Hence, in Southeast Asia, democracy most predictably endures where the societal

terrain, in its patterns of communal identification and class affiliation, fails to support

cross-class coalitions. Strategies of populist mobilization thus remain inutile,

discouraging elites from defecting in hopes of strengthening their hand over the state

apparatus and world of business in which traditional elites are housed.

39

This pedestrian insight that new democracies fare best where they threaten elites

least encourages additional more stridently counter-intuitive claims. Plural societies

have long been understood as inimical for democracy in developing countries

(Rabushka and Shepsle, 1972). And indeed, when neatly bifurcated, stubbornly

cohesive, and starkly ranked, with one ethnic community gaining hegemony over

another, it may forge a dominant single party through which to enforce authoritarian

rule. But in Indonesia, where communal identities are also heartfelt, yet widely

dispersed at the mass-level, they better support democracy than does even the ethnic

homogeneity that characterizes Thailand and the Philippines. In Indonesia, no one

ethnic community can impose the hegemony that entrenches authoritarianism. No

cross-class coalition can take shape which, in demanding redistribution, breaks down

democracy.

Next, middle classes have long been conceptualized as natural agents of

democratic change. They are viewed as readily entering into at least partial cross-class

coalitions with urban workers and the poor, then surging through the apertures

between divided elites. Thailand in 1973 and 1992 and the Philippines in 1986 pose

exemplary episodes. However, after democratic change takes place, some elites may

defect from their traditional cohort, reaching over the head of the middle class in

order to energize the poor through redistributive appeals. The middle class, vastly

outnumbered by its newfound working class allies, takes fright over this populist

mobilization, encouraging its elements to counter-defect.

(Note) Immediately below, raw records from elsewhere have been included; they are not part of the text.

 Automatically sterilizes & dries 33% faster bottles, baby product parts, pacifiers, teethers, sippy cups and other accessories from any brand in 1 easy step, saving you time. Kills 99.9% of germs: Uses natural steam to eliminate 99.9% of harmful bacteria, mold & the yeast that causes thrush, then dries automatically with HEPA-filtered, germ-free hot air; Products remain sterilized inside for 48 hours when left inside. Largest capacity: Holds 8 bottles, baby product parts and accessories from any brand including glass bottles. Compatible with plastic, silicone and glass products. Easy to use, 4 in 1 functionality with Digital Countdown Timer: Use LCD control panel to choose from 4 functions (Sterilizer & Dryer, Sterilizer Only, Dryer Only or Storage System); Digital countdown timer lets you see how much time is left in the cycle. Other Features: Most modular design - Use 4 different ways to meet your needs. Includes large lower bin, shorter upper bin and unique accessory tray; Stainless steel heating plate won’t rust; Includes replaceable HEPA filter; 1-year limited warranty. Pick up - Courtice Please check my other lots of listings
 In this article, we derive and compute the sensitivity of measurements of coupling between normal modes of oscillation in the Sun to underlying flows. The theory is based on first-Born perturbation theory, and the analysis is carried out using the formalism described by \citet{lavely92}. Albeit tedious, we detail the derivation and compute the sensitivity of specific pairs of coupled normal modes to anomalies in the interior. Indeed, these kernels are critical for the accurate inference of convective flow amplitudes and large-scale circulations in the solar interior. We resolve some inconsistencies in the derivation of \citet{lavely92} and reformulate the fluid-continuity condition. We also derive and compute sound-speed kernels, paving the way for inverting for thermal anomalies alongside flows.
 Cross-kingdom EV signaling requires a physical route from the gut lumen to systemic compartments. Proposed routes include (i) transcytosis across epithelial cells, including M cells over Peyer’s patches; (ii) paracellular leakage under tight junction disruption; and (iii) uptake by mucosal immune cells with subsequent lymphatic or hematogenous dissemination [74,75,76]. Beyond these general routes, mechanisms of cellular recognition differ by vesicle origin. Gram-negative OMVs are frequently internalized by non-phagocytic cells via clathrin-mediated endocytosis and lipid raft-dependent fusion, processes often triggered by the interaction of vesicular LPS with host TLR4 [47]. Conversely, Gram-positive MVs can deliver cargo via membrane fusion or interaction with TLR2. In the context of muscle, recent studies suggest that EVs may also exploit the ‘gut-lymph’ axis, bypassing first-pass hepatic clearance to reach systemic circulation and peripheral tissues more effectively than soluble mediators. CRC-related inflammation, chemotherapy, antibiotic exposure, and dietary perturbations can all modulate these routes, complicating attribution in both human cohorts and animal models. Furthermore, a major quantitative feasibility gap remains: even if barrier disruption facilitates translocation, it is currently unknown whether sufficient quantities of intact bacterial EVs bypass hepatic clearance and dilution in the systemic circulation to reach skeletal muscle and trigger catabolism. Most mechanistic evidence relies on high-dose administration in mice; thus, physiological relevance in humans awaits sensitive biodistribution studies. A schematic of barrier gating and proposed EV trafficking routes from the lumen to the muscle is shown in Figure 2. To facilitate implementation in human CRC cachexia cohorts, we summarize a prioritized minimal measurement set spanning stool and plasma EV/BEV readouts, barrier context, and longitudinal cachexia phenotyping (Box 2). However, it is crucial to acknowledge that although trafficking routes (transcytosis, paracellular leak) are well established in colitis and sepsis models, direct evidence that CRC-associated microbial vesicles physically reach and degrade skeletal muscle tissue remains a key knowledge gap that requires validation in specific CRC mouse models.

It thus nuzzles up to

traditional elites in hopes of forging a new kind of cross-class coalition.

The middle class in Thailand, then, in suffering democratizer’s remorse, has

shown new colors, in particular, a monarchial yellow that proclaims new preferences

for authoritarian rule. And even in the Philippines, where the middle class was less

threatened, with its populist, but bumptious president unable to stir the rural poor,

40

abetted democracy’s erosion by participating in his ouster. In Indonesia, by contrast,

the new urban middle class, small and communally divided, did little to advance

democratic change. And though afterward lamenting government corruption, it has

done even less to roll democracy back.

Finally, these claims about helpful plural societies and turncoat middle classes

draw from a framework of communal identification and class affiliation. But as we

seek explication for democracy’s varying durability in the Southeast Asian setting,

questions over our units of analysis arise. Communal identification, in producing a

great diversity of postures that are crudely labeled as homogenous, bi-polar, and

dispersed, needs itself to be explained. Class affiliation, in cumulating only partially

across class lines to produce coalitions, also requires more rigorous analysis. But

whatever the shortcomings of these analytical units, they tell us much more than do

stale accounts of institutional design.